As Cobb explains, religion is an important factor in the solution of our current issues, and he points to the Members of the Mobilization for the Human Family as an exemplary Christian organization devoted to dealing with contemporary problems.

"The following is a mission statement. 'Progressive Christians Uniting, formerly Mobilization for the Human Family, is a movement of progressive Christians whose mission is to be a prophetic presence in the Church and in the world, steadfastly proclaiming the radically inclusive love of God and faithfully working for the inclusion of and justice for all God's children, regardless of sexual orientation, gender, age, race, ethnicity, or socio-economic status.'

"In his Preface, Editor John B. Cobb, Jr., Professor of Theology Emeritus at the Claremont School of Theology in Claremont, California, places the need for Progressive Christians Uniting in historical context. It is his perception that for more than a century, the major Protestant churches in the United States were leaders in progressive social action. Today they are mostly silent in affirming and supporting issues of justice. Some believe that the old-line churches, which have experienced declining membership, have turned inward for fear of losing more members. The dominant message heard in these churches, is 'Me and Jesus' or what Joseph Haar called 'individualistic self-serving redemptionism.' Cobb, however, believes that one reason for the decline of membership is the loss of nerve in facing a new historical situation. He points out that conservative churches, which have entered the political arena and dominated the media, are flourishing. In an Appendix, there is a short history of the politics of the Christian right, highlighting their message and politics. The author writes, 'The judgement of the Hebrew prophets against the unjust and the powerful and Jesus' gospel of forgiveness and inclusive love seem mostly subordinated in their speech to the ungodly idols of rigid and narrow sexual morality, capitalistic individualism, and exclusive nationalism.'

"Given this situation, Cobb writes, it is the intention of Progressive Christians Uniting, to seek 'to understand what is going on in our world and to clarify the relevance of our Christian faith and heritage to that world.' He states that those who have come together in Progressive Christians Uniting do so as witnesses to a common faith. Although they come from many churches in the Protestant tradition, they have been 'nurtured by the preaching and teaching of the Word of God, by the sacraments, and by service together in the world.' For all of them, the model for mission and ministry is Jesus. He writes, 'As followers of Jesus in the church, both ministers and lay people, we, too, are called, empowered, and energized for a public ministry in the name of Jesus Christ that reflects the love of God and will make the reign of God more visible, a reign of peace, love, and justice for all creation.'

"The sixteen chapters of the book, first prepared as position papers of Progressive Christian Uniting, describe areas in which Christians, if they are to make the reign of God visible, must be engaged. They are, Religion And The Public Schools, Basic Rights For Our Children, Reflections on Abortion, Human Rights And Civil Rights, Homosexuality And Same-Gender Unions, Is Social Security Really Broken? The Penal System, The War On Drugs, The Immigration Dilemma, Do Corporations Serve The Human Family? Responding To Sweatshops, The Globalization of Economic Life, Should Debt Be Forgiven? The Church and Environmentalism, Global Food Security, and The Global Population Crisis. Each chapter has a section on 'A Christian Perspective,' followed by a section called 'What Can We Do,' which includes 'Discussion Questions' and 'To Learn More.' The book is structured to be a resource and guide for study and discussion groups.

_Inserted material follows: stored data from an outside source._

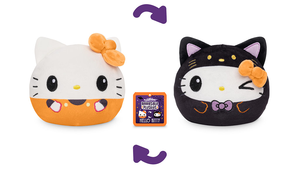 Aj keď deti nie sú veľkými fanúšikmi Hello Kitty, môžu sa zúčastniť strašidelnej, obojstrannej plyšovej zábavy s novou, halloweenskou prekvapivou krabicou! Každá krabica obsahuje 3-palcový obojstranný plyš, ktorý po otočení odhalí strašidelnú bytosť. Môžete zbierať šesť rôznych plyšov, vrátane axolotla, ktorý sa mení na čarodejnicu, netopiera, ktorý má priateľskú a strašidelnú stranu, mačku, ktorá sa mení na kostru, pandu, ktorá sa mení na zombie, jack-o-lampáš, ktorý má zlú stranu, a pavúka, ktorý sa najprv zdá byť priateľský, ale po otočení odhalí strašidelnú bytosť. Plyše sú dostupné jednotlivo alebo ako kompletná sada za 84 dolárov. Kompletná sada zaručuje, že deti dostanú všetky plyše z kolekcie.
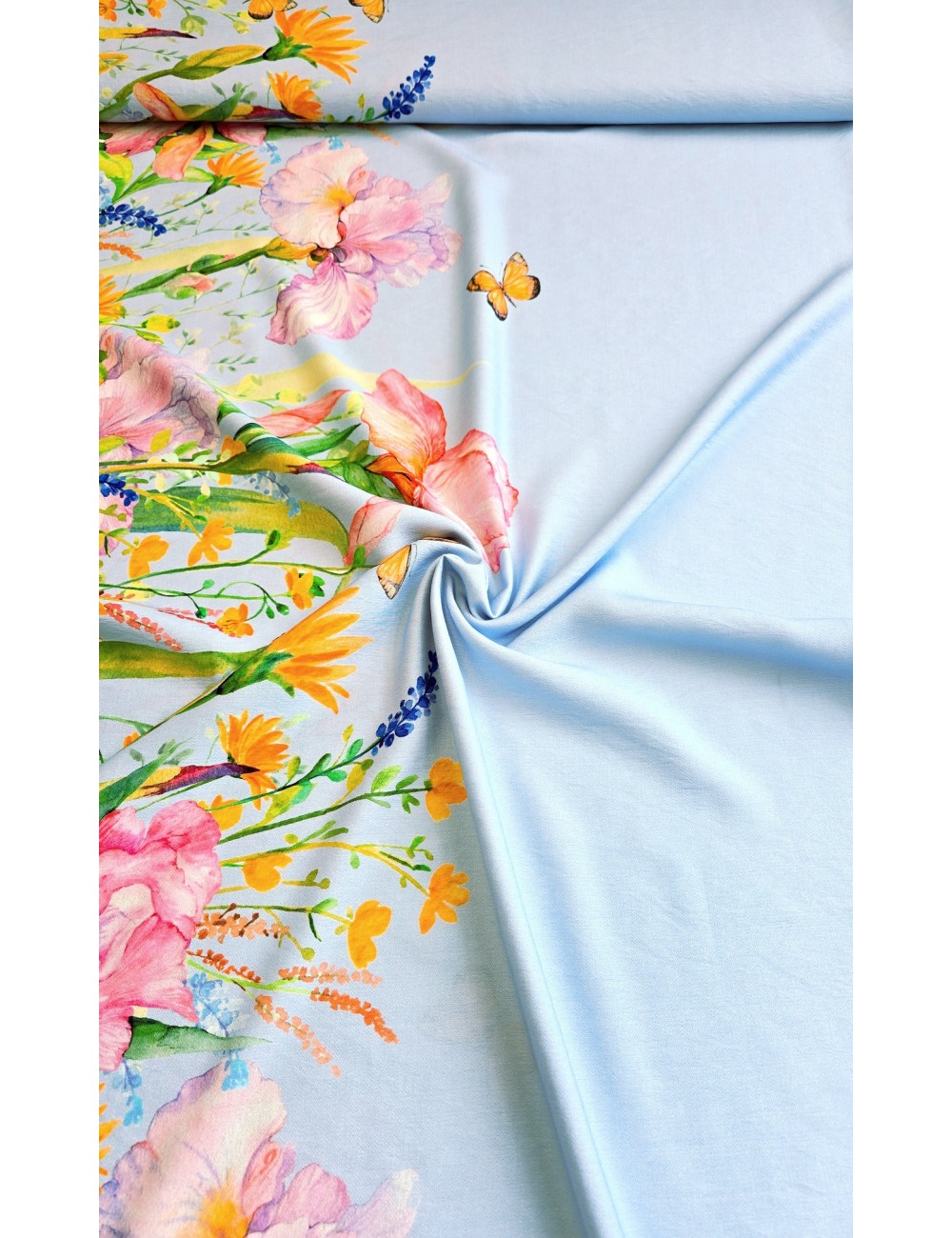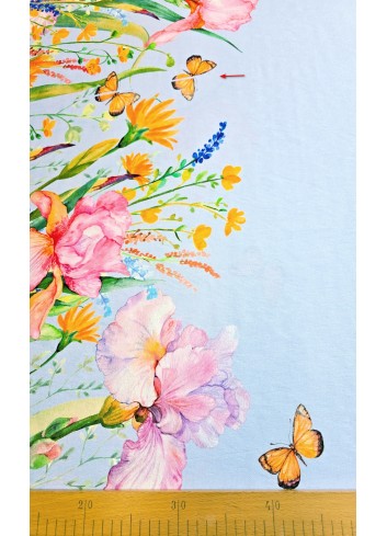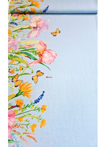 Krásná látka z italské produkce, oboustranná bordura o šíři 45 cm, květinový vzor s motýlky. Viskóza ve směsi se lnem, lehounká látka, splývavá, neprůsvitná a mírně elastická, vynikající gramáž. Vyrobeno v Itálii, top kvalita, vynikající volba na letní outfity.
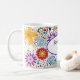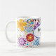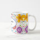 Esta caneca de café cerâmica é mostrada com um adorável design floral brilhante e colorido com uma mensagem para a mãe. Personalize este item ou comprar como está. Imagem do stock
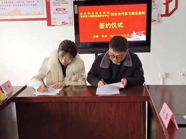 隨后,校企雙方共同簽署了《校企合作實習就業(yè)教研基地合作協(xié)議書》,校企雙方領導共同為“安慶職業(yè)技術(shù)學院校外實習就業(yè)基地”揭牌。
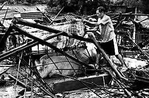 2007年8月10日,陳的復議申請還沒有得到答復,等來的卻是40多名開著勾機車而來的“神秘人”。陳煥拱稱,混亂中不知誰喊了一聲“給我砸!”幾個人沖上前剪斷電匣,勾機吊臂猛然揮起,“轟轟”幾聲,砸向靠路邊的一排豬舍。短短半個小時,3000多平方米的豬舍三分之一被夷為廢墟,數(shù)百頭驚恐的豬四處逃竄,一度引發(fā)公路上的人豬大戰(zhàn)。當晚,突降暴雨,數(shù)百頭失去遮攔的生豬再次四處逃竄,在臺風暴雨中消失得無影無蹤。
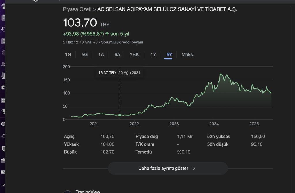 💵 Güncel Hisse Fiyatı (5 Haziran 2025): 103,70 TL
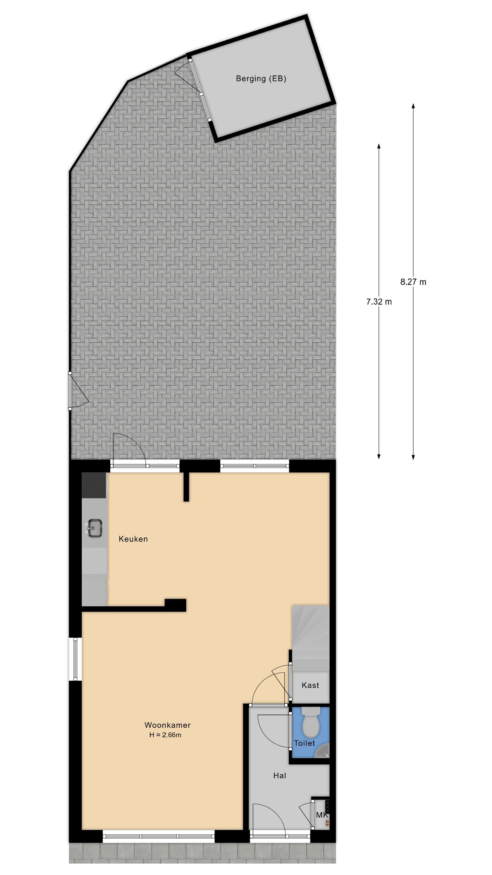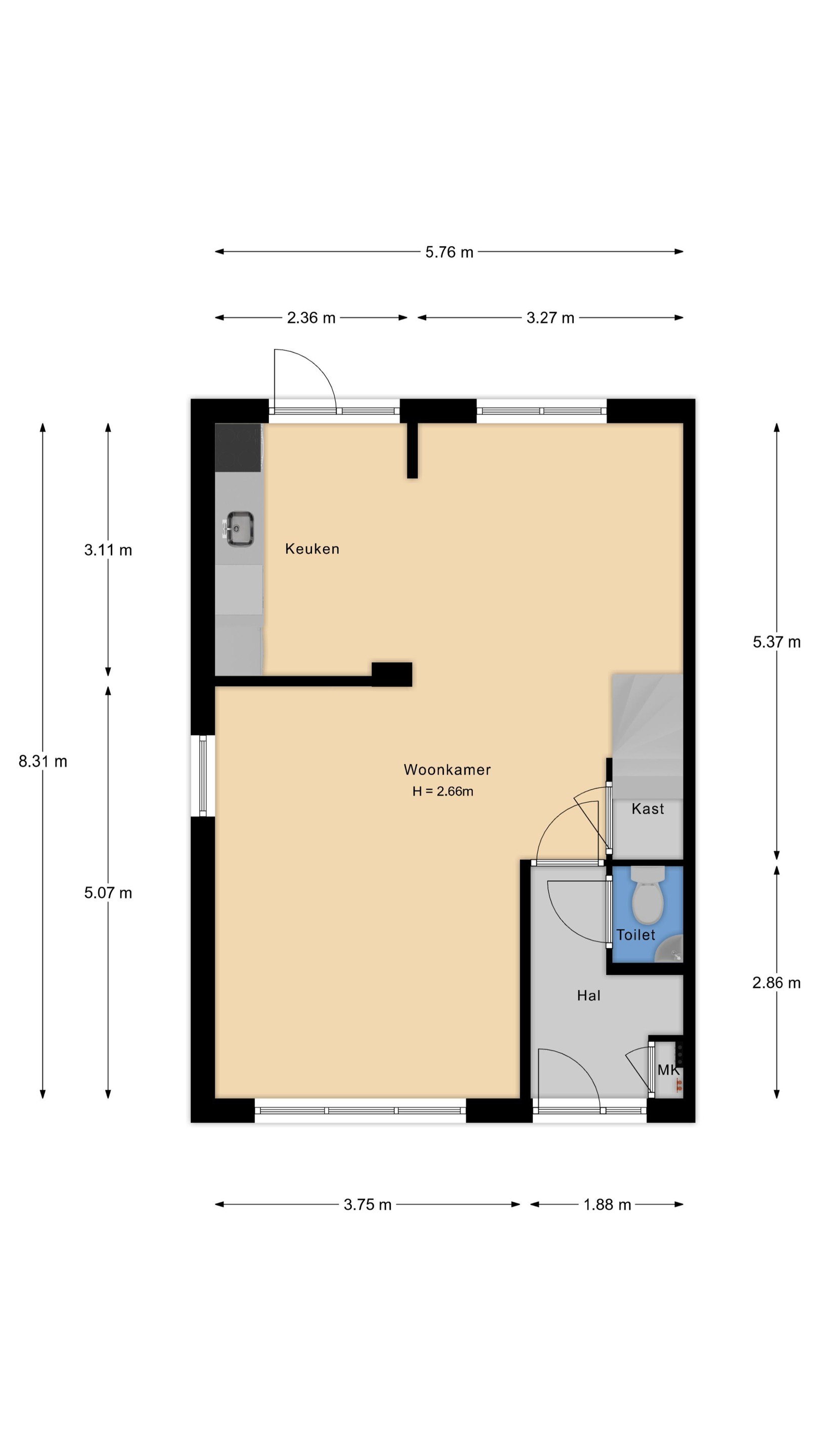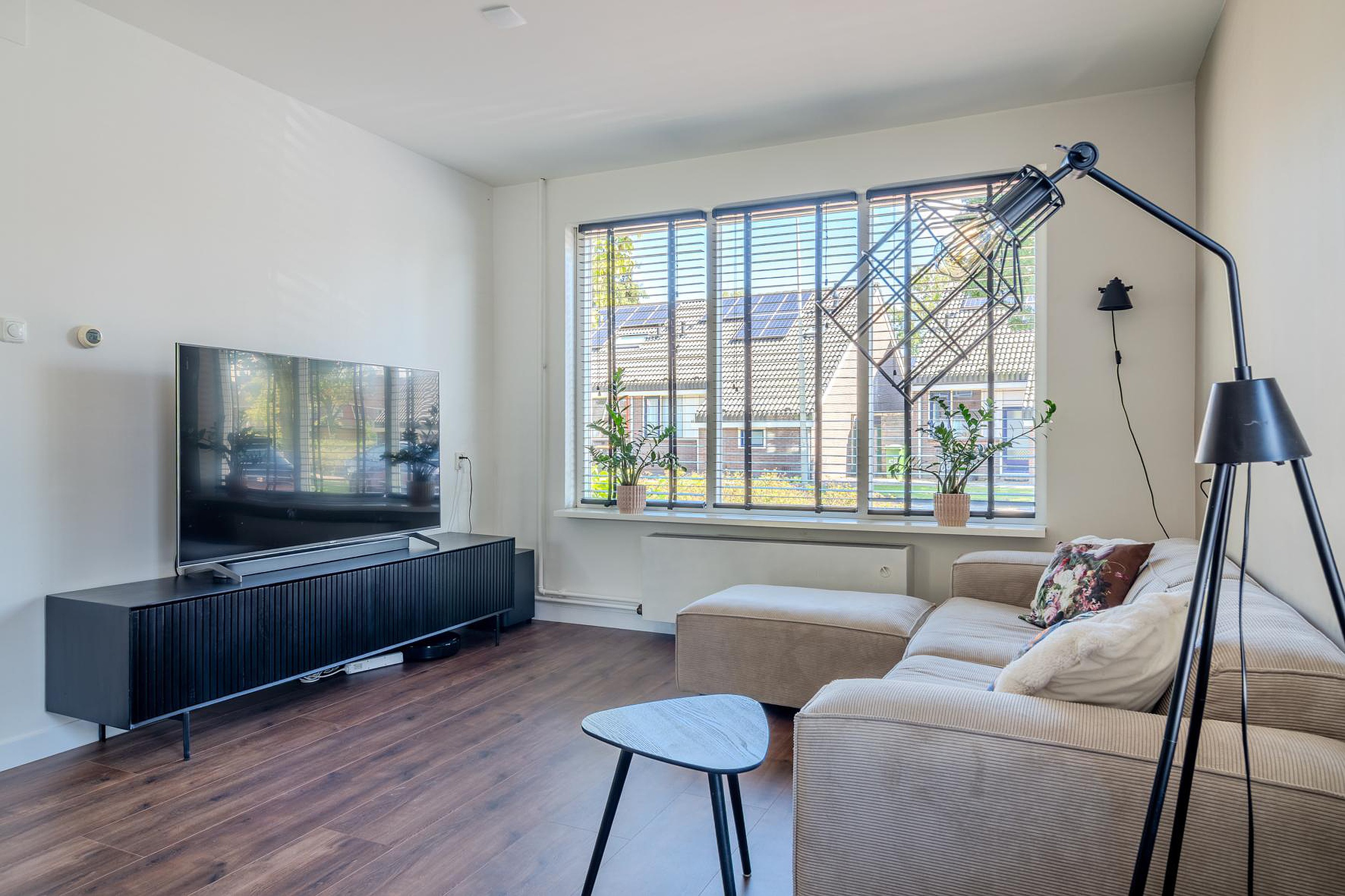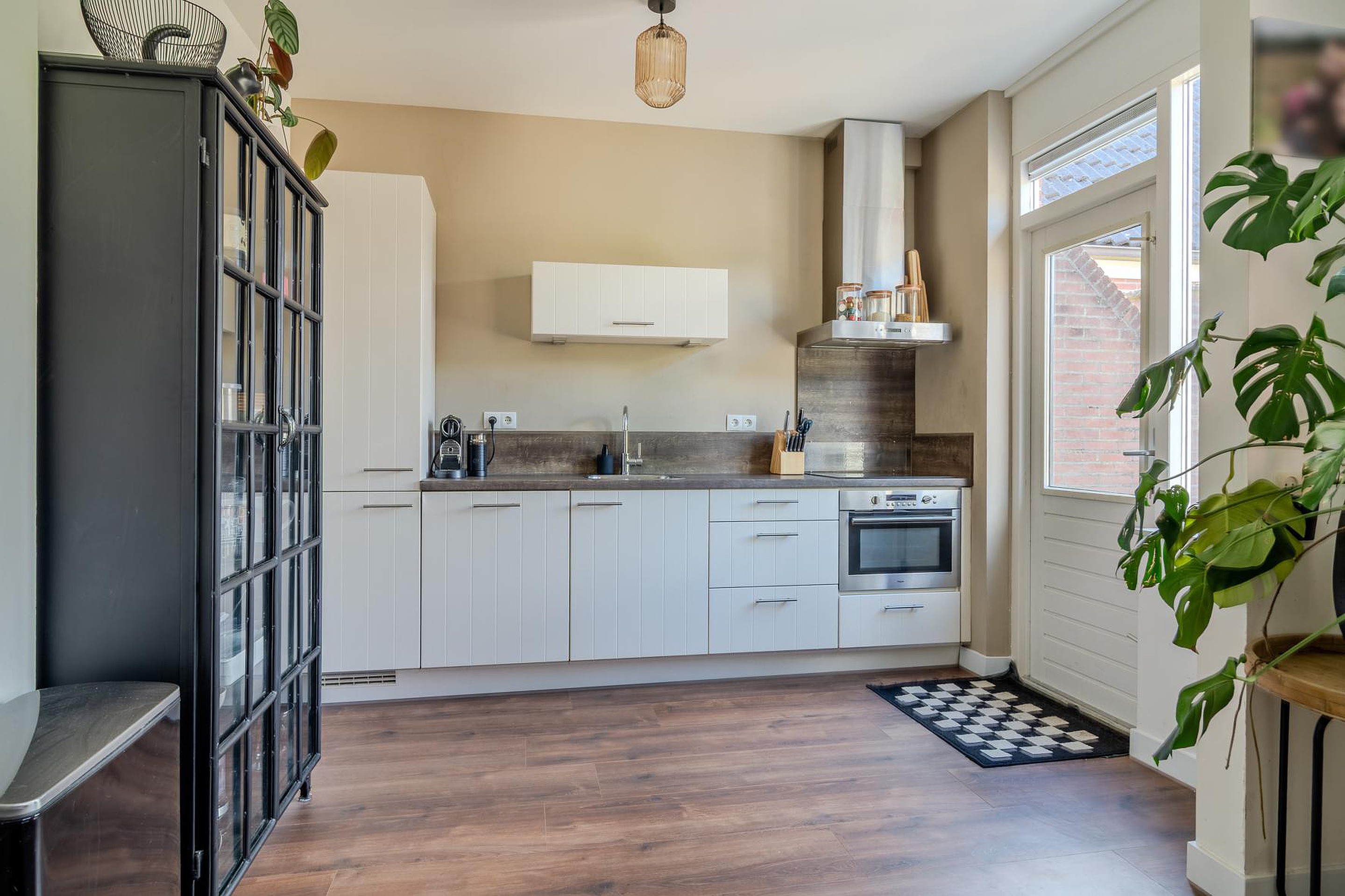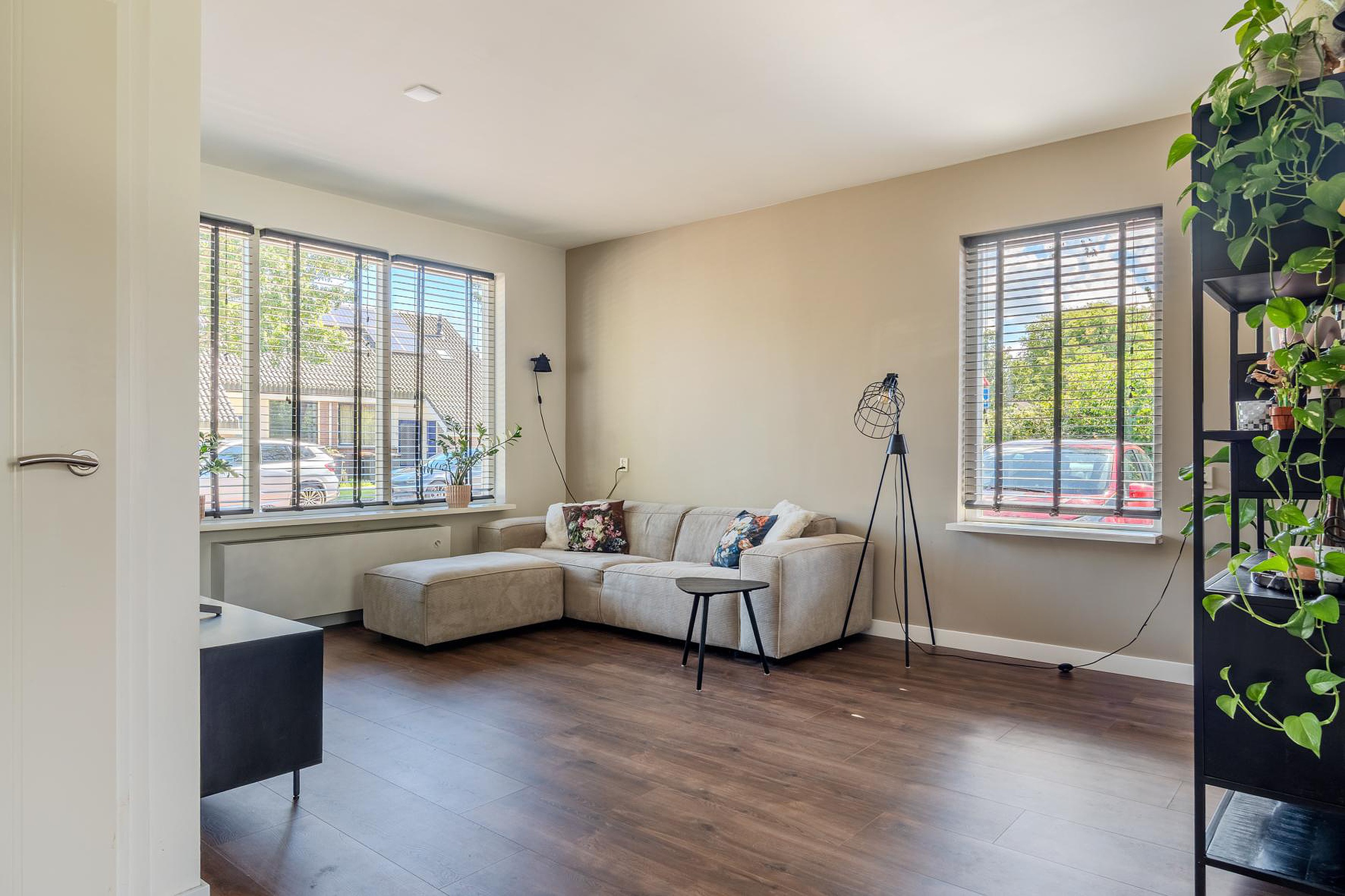 Je komt binnen in de hal met toilet en meterkast. Vanuit hier stap je de sfeervolle woonkamer binnen, die dankzij het grote zijraam heerlijk licht is. De ruimte is praktisch ingedeeld met een gezellige zithoek aan de straatzijde en een eetgedeelte met open keuken aan de tuinzijde.

"This book is for Christians who know that their faith is more than an individual, personal relationship to God (accept Jesus as your personal Savior). Faith is a commitment to follow Jesus by proclaiming and embodying the Domination-Free Order (Walter Wink) of justice and compassion he called the Kingdom of God. Cobb writes, 'When the whole of life and thought are unified in faith, there is an integrity and joy we cannot otherwise know." - Review by G. Richard Wheatcroft

John B. Cobb is Professor Emeritus at the Claremont School of Theology in Claremont, CA.